I shot BHUL...started out really well with a clean 300 in my first half.....wet the bed on my second half with a 293.....my collar must have gotten tight and the old brainpan had a meltdown I guess...oh well, try again next year!!

My wife who has won the last 2 years in the BHUL division ran into a problem with her release sticking, she had several complete misses and posted an atrocious score by her standards.....I'm sure somehow that is gonna end up being my fault!!:tongue:

anyone got any kids results??? specifically the precubs??

Chris


----------



## DsrtRat (Mar 8, 2004)

My day was like a babie's diapper!!!


----------



## #1 Hogger (Aug 17, 2005)

Didn't do very well head was in a dark and smelly spot and nobody would pull it out 580 outer with a 560 inner better the the provincials so I guess its a improvement
DsrtRat you know when it says good for 50# on the package thats not how much it will hold


----------



## DsrtRat (Mar 8, 2004)

I was knee deep in her today. It started with a 4th end let-down that included an accidental trigger pull. Let's just say that sort of sealed my fate!

Otherwise, it was a good shot. Caledon was a little quiet with very few jokes at our end of the range:wink::icon_jokercolor:

Feel free to ask Dietmar about his "pork" smelling arrows!


----------



## TeneX (Mar 24, 2003)

I had a terrible first half. then i remembered that to hit what your aiming at you must actually be aiming at something.
282+293= 575 oh well, i guess these days happen.

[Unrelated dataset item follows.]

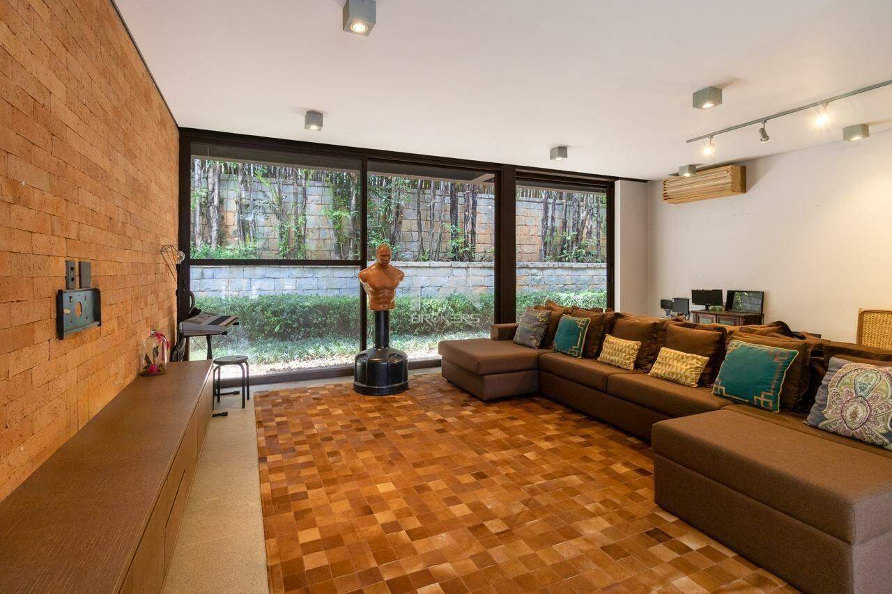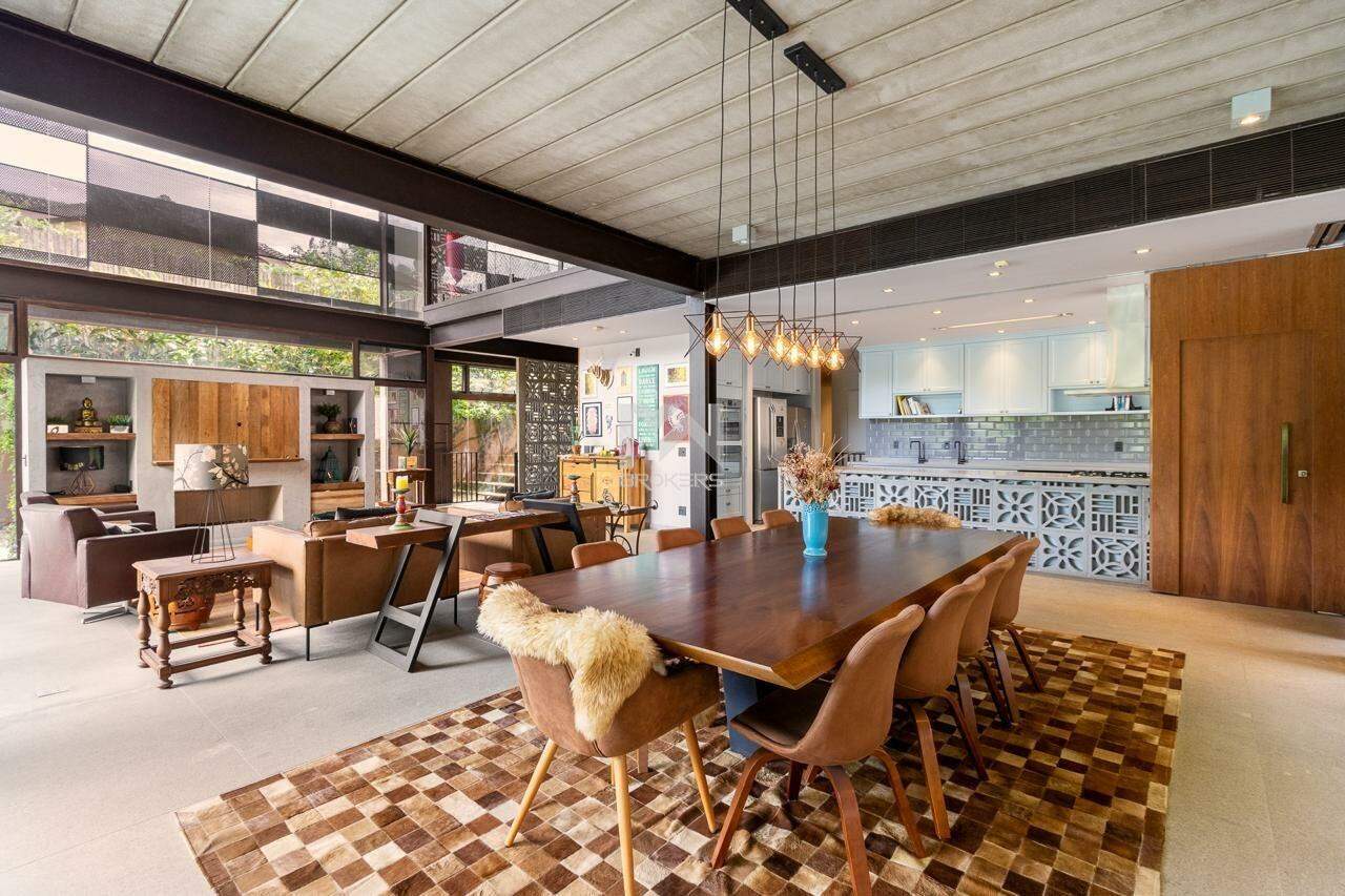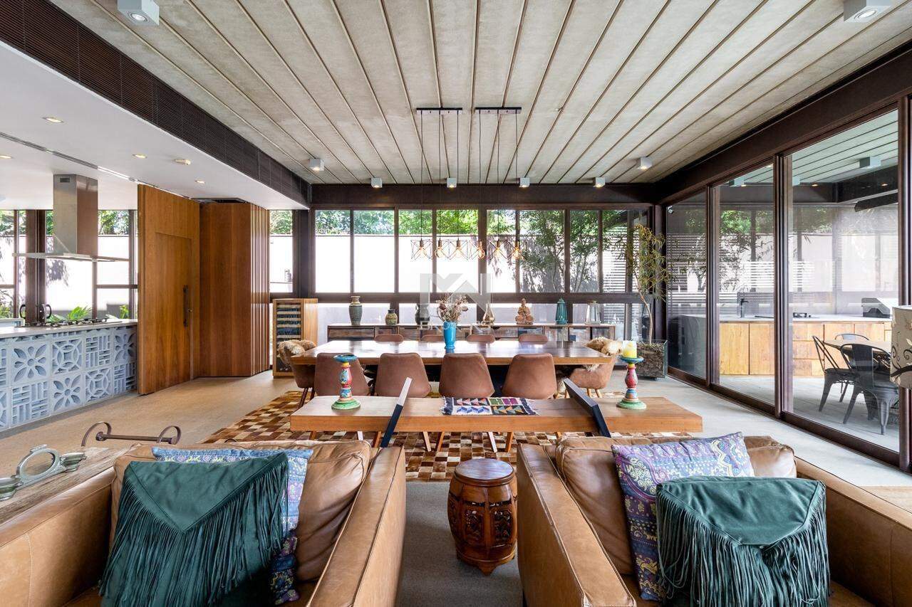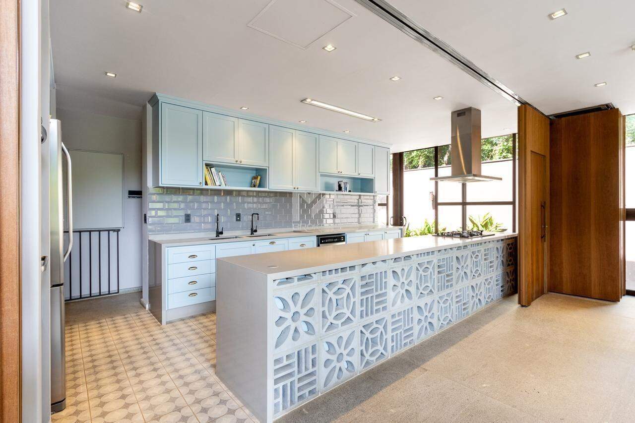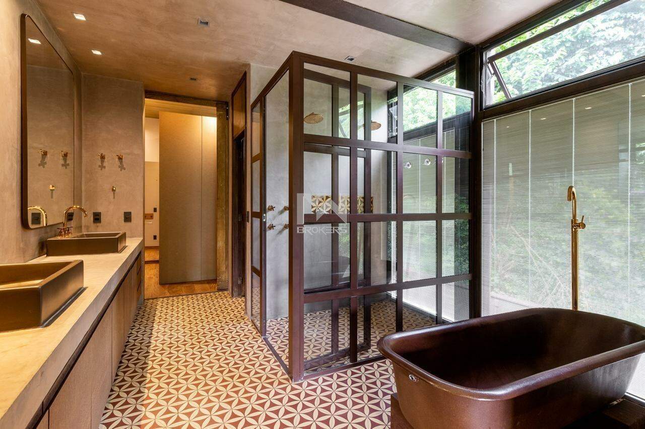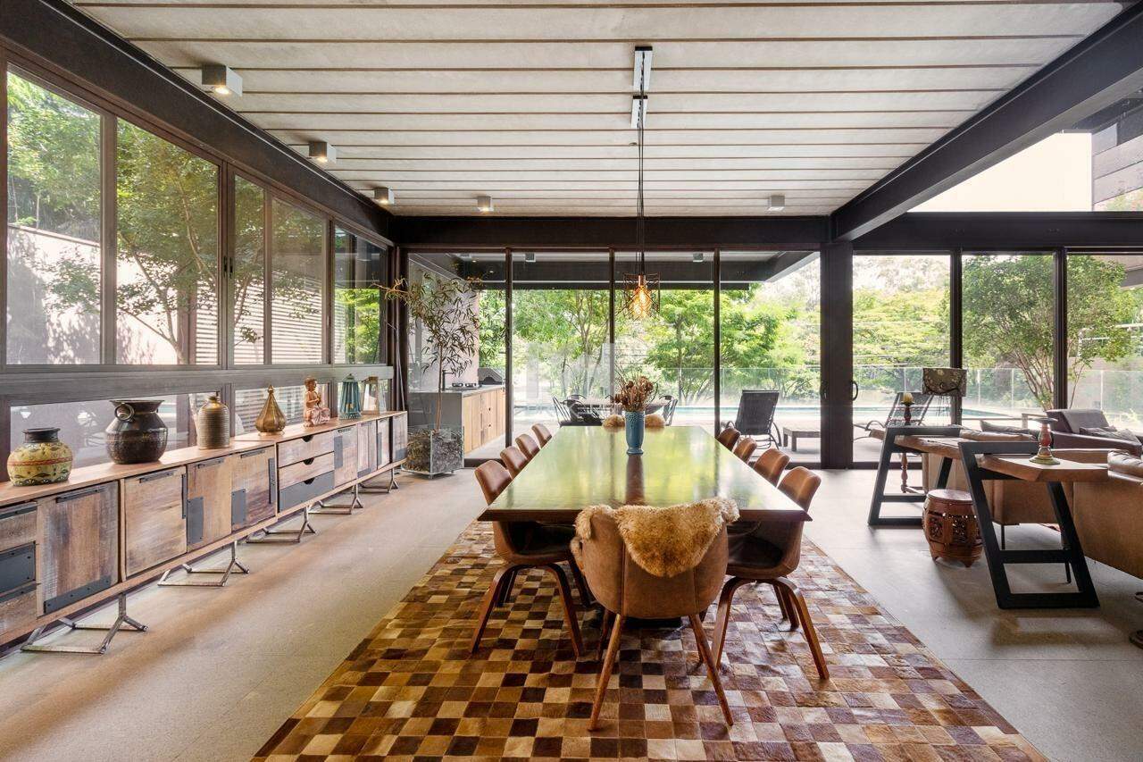 No térreo, dormitório de hóspedes, home theater, escritório, sala de TV, salas de estar e de refeições, cozinha com copa e despensa, área gourmet com churrasqueira, ofurô e piscina.

still had fun shooting, oh and my clubs team (Rob Cox, Candace M. and Myself) shot a combined 1705. how does that compare with other clubs across the country?

Allan


----------



## Hutnicks (Feb 9, 2006)

DsrtRat said:


> I was knee deep in her today. It started with a 4th end let-down that included an accidental trigger pull. Let's just say that sort of sealed my fate!
> 
> Otherwise, it was a good shot. Caledon was a little quiet with very few jokes at our end of the range:wink::icon_jokercolor:
> 
> Feel free to ask Dietmar about his "pork" smelling arrows!

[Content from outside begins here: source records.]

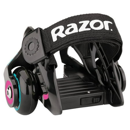 Razor Jetts Heel Wheels, Purple - Strap-on wheels with heel-activated sparking action - Durable 50 mm urethane wheels with 88a hardness - Low center of gravity - Easily removable and replaceable spark pads - Wheels and sealed bearings offer durability - Heavy-duty polymer quick-click frame - Hook and loop straps for easy on and off - Adjustable from youth size 12 to adult size 12 - Designed for ages 8 and up using the spark feature or ages 6 years and up without the spark feature - Includes spark pads and owner's manual - No assembly required - User weight limit: 176 pounds - Colors: Purple and black - Dimensions: 5 x 5 x 3.5 inches - Weight: 1.2 pounds Part number: 25056150 - 90 day Razor warranty against product defects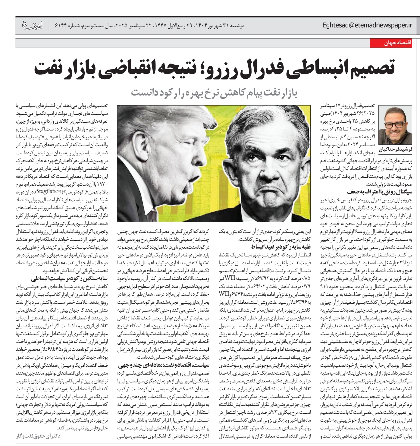 تصمیم فدرال رزرو در ۱۷ سپتامبر ۲۰۲۵ (26 شهریور 1404) مبنی بر کاهش ۲۵ واحدی نرخ بهره به محدوده ۴ تا 25/ 4 درصد، اگرچه نخستین گام انبساطی از دسامبر ۲۰۲۴ به اینسو بود؛ اما بهجای آنکه بازارها را آرام کند، پرسشهای تازهای در برابر اقتصاد جهانی گشود. نفت خام که همواره آیینهای از انتظارات اقتصاد کلان است، اولین بازاری بود که این پیام متناقض را دریافت کرد: بهجای صعود، قیمتها نزولی شدند.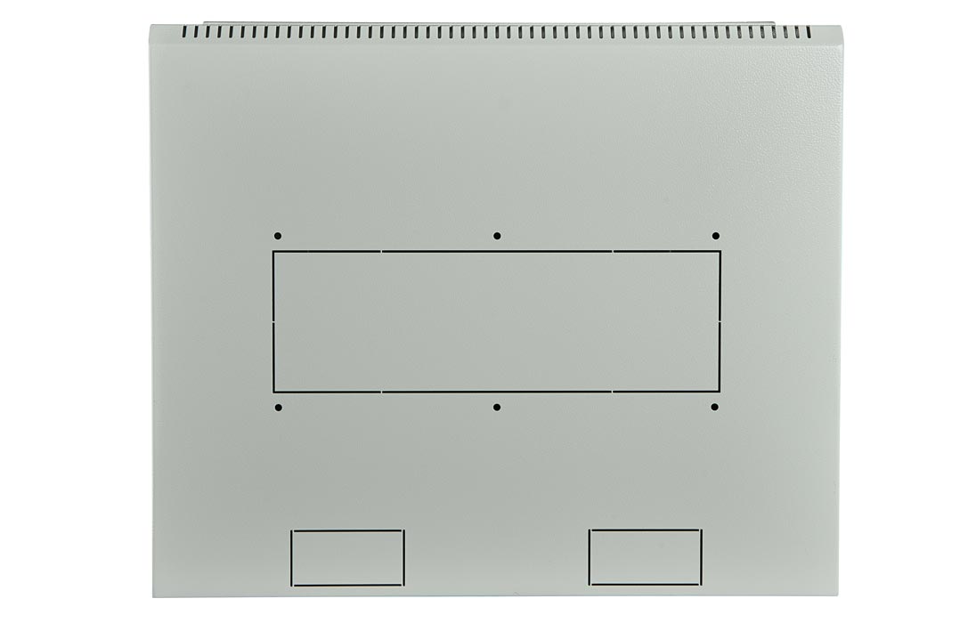 Имеет полностью разборную конструкцию и состоит из шести основных частей: крыша, дно, две боковые стенки с вертикальными направляющими, дверь, задняя стенка* и две передние направляющие. За счет элементов крепления каркас шкафа имеет повышенную жесткость. Комплектация шкафа возможна с несколькими исполнениями двери-металлической, перфорированной и с каленым ударопрочным, тонированным стеклом. Предусмотрены два кабельных ввода в верхней и нижней частях шкафа, размер – 100х50 мм. В основание или крышу шкафа возможна установка вентиляторного модуля. Для установки модуля демонтируется заглушка, и модуль фиксируется шестью винтами. Вертикальные направляющие регулируются по глубине. Система заземления шкафа входит в стандартную комплектацию.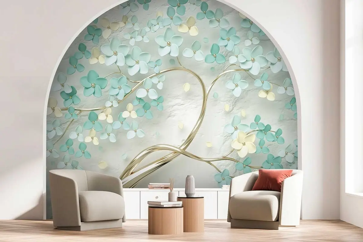 Τοιχογραφίες Δέντρο με μπλε λουλούδια Nr. u52550

Hmmm Flavoured arrows? Like that idea, tell us more, or would that lead to banishment to mapleville.


----------



## Flipper T (May 10, 2005)

286/291 for me 577.


----------



## hoytboy101 (Dec 17, 2007)

I shot a 566 it was alright.


----------



## araz2114 (Jan 13, 2003)

I shot in BHUNL today and ended up with a 592. If scored inner would have been a 576. I am pretty happy with it. I definitely left 2 or 3 out there because of my errors.


----------



## cdhunter (Feb 4, 2006)

shot my own personal best 539 inner. finally a fita with no mental break downs a couple of god that felt good what happened shots but much better than the usual lets find a cliff and dive off melt downs that I'm use to having.:wink:


----------



## Rich V (Jan 12, 2006)

I have the results for Heights in Winnipeg..

McQuarrie	Curtis	Cub Compound	500
Quinn	Ryan	Cub Recurve	538	538
Berube	Cody	Cub Recurve	485	485
Bresch	Andrew	Cadet Compound	433	429
Wanhella	Erik	Junior Compound	569	557
Rose	Stephen	Junior Compound	446	438
Minion	Stevie	Junior Recurve	532	532
Oliver	Kyle	Senior BH Unlim	596	596
Lyon	Blair	Senior BH Unlim	594	594
Doell	Chris	Senior BH Unlim	556	556
Seymour	Andrew	Senior BH Unlim	534	534
Hall	Rosco	Senior BH Unlim	375	375
Vogt	Rich	Senior Compound	599	588
Tataryn	Kevin	Senior Compound 600	586
Lyon	Gordon	Senior Compound	589	568
Micklethwaite	Garry	Senior Compound 587	566
Howells	Chris	Senior Compound	549	538
Berube	David	Senior Compound	554	536
Huggart	Karen	Senior Compound	395	394
Lyon	Jay	Senior Recurve	584	584
Gregg	Tim	Master Compound	570	554
Tanabe	Blair	Master Compound	572	554
Wolfe	Doug	Master Compound	567	550
Dack	Tim	Master Compound	543	534
Lachance	Joanna	Junior Recurve	487	487
Berube	Erica	Senior BH Unlim	543	543


----------



## H.M. Murdock (Nov 13, 2005)

DsrtRat said:


> I was knee deep in her today. It started with a 4th end let-down that included an accidental trigger pull. Let's just say that sort of sealed my fate!
> 
> Otherwise, it was a good shot. Caledon was a little quiet with very few jokes at our end of the range:wink::icon_jokercolor:
> 
> Feel free to ask Dietmar about his "pork" smelling arrows!


Come on lets hear what happened


----------



## TrevorF (Mar 7, 2005)

Here's NB results.
Sisk Alex M Pre-Cub Compound 475 5 5 13
Golden Christopher	M Cub Compound 527 11 11	18
Sisk Leo	M Senior Compound 584 32 14 12
Furlotte Trevor M Senior Compound 577 21 20	16
Christie Wayne M Master Barebow 377 2 2 8
Carrier Allison M Master BH Unlim. 506 8 8 15
Chiasson	Rheal M Master Comp. Lim. 534 5 11 29
Turnbull Pierre M Master Compound 590 25 25 10
Killoran Erin W Pre-Cub Compound 518 5 8 25
Parlee Charlene W Senior Compound 561 12 20 20
Sisk Kelly W Senior Compound 477 1 8 15
Due to a storm we only had 10 shooters.


----------



## Xslayer (Feb 10, 2003)

Preliminary results are posted on the FCA site.


----------